Your instructions: Find the line containing "MODE D'EMPLOI KRF-X9070D KENWOOD" in the listing below; reproduce it and every line after, exactly. Skip pictures.

Data provided:
*** Block opens ***
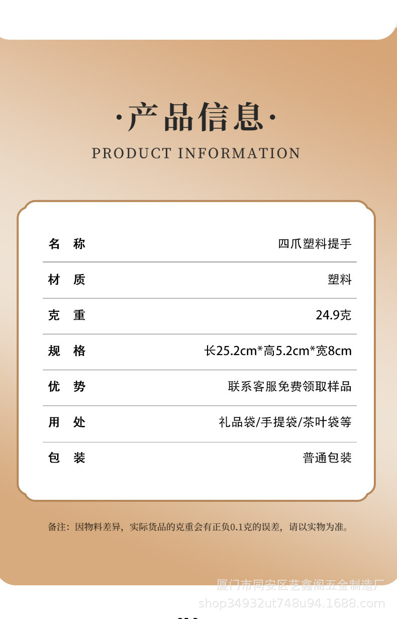 2024新しいファッション四爪ギフトボックス手提げ袋ボックスワインボックスプラスチックハンドル茶ボックス包装ハンドルアクセサリー
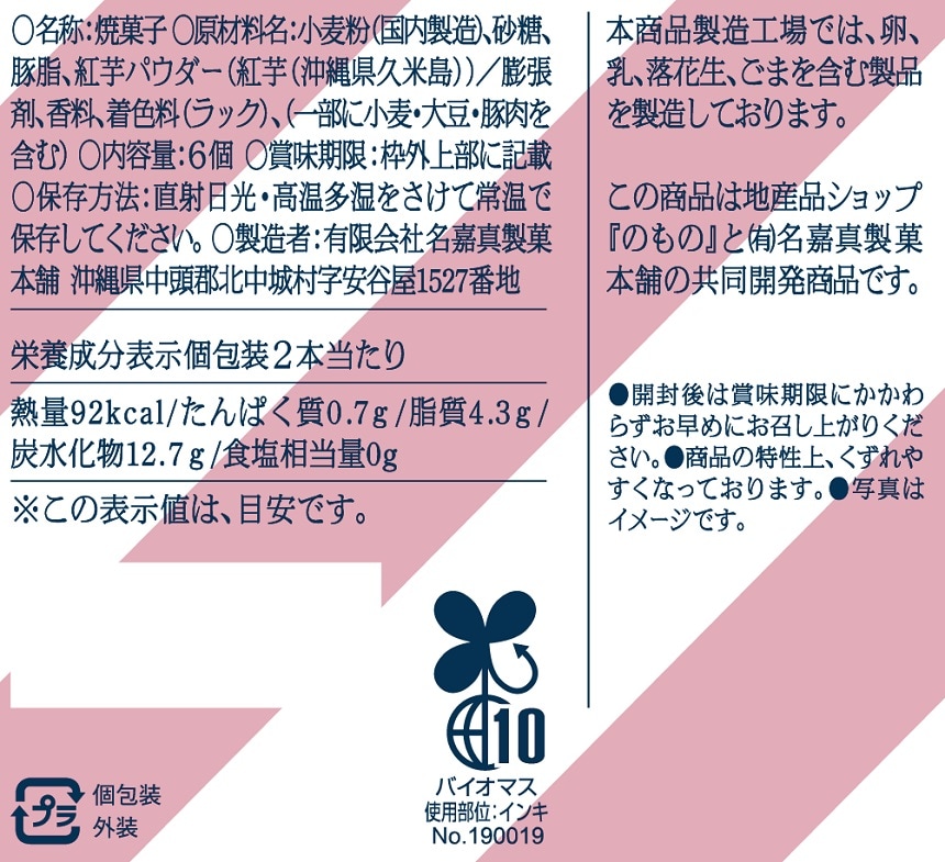 - 沖縄のサーターアンダーギー黒糖味 45g / 沖縄の紅芋ちんすこう 6個入
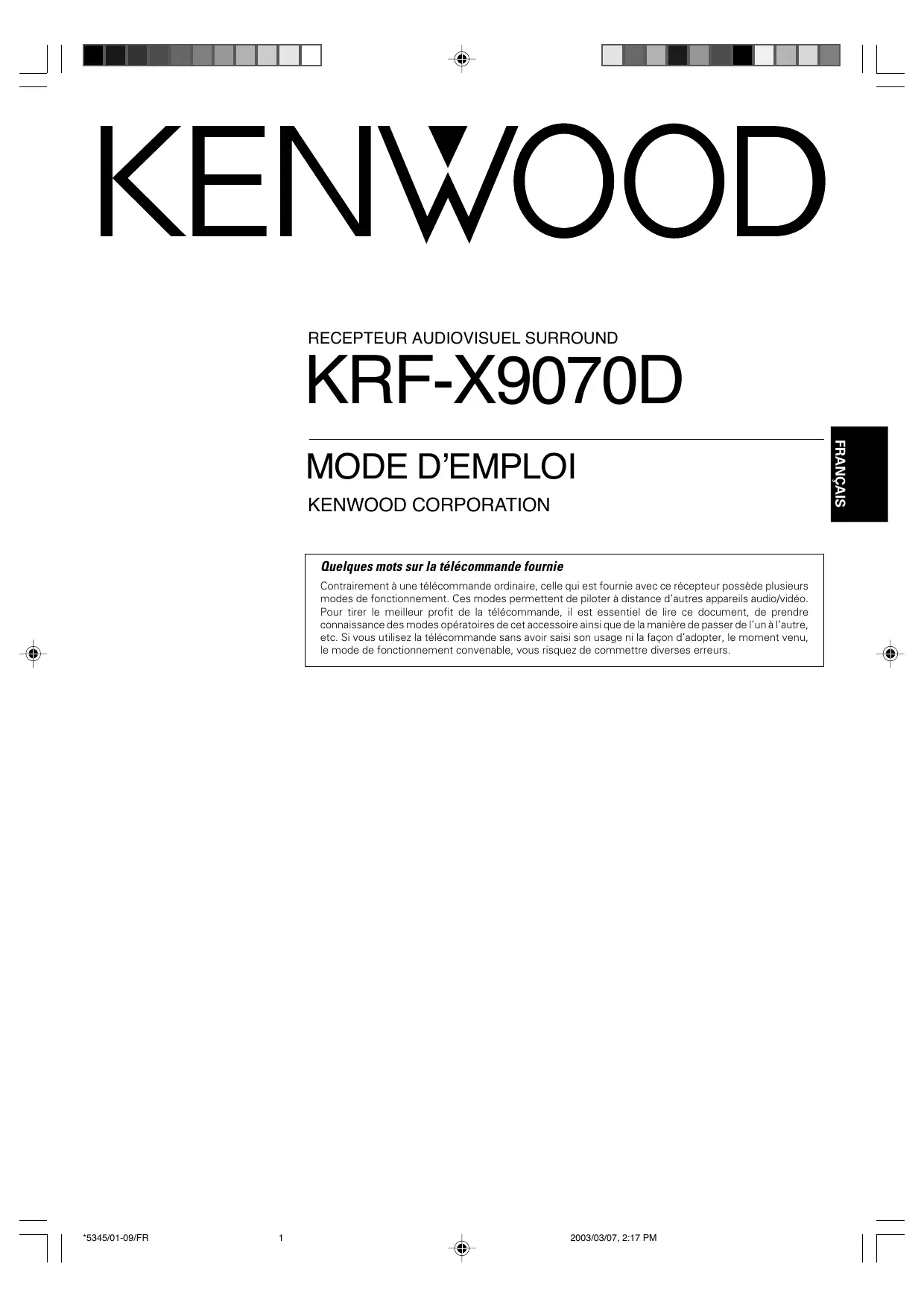 MODE D'EMPLOI KRF-X9070D KENWOOD
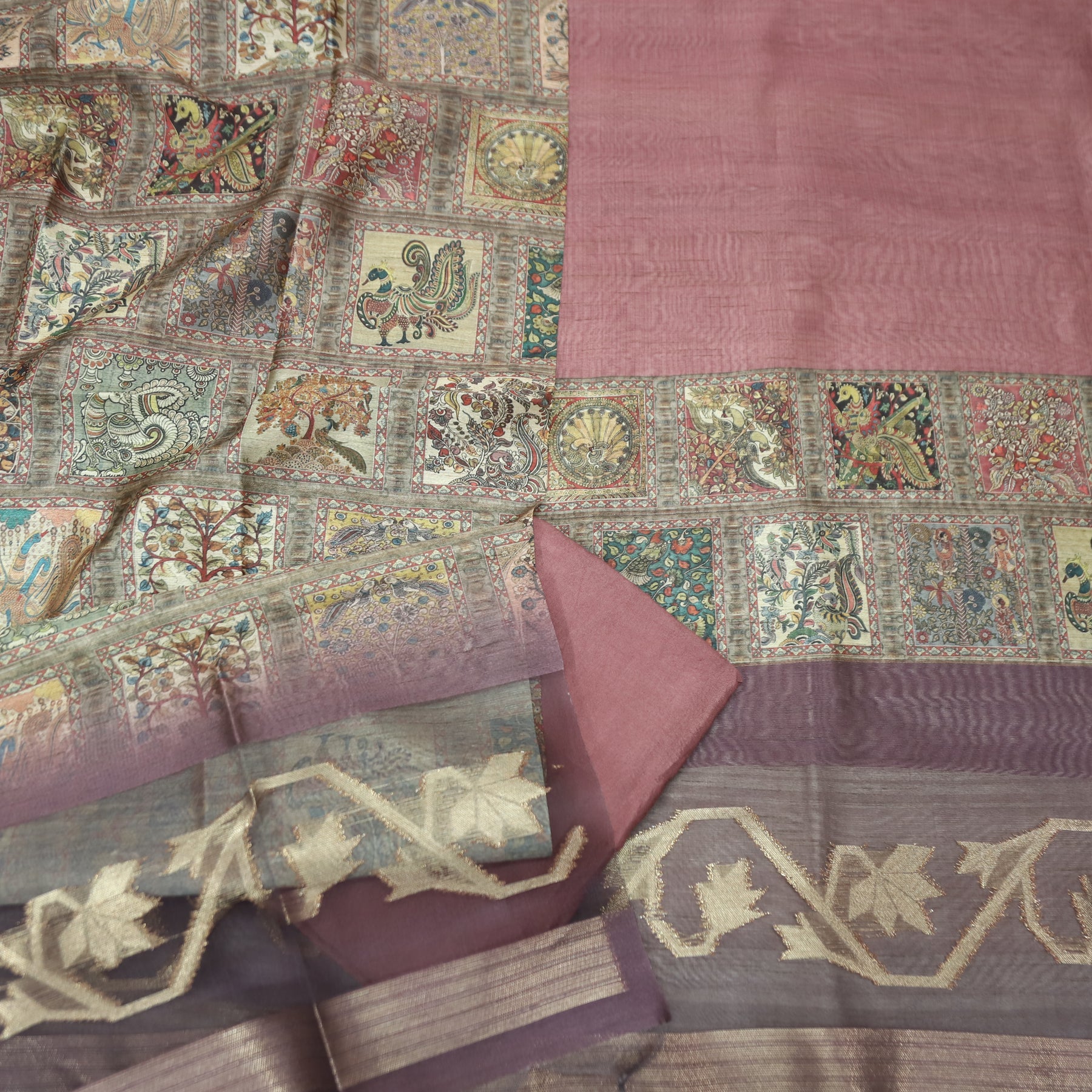 Rooprani Mauve Pink Kalamkari Print with Zari Detailing Korean Tussar Chanderi Set
*** Block closes ***
Exercise output:
 MODE D'EMPLOI KRF-X9070D KENWOOD
 Rooprani Mauve Pink Kalamkari Print with Zari Detailing Korean Tussar Chanderi Set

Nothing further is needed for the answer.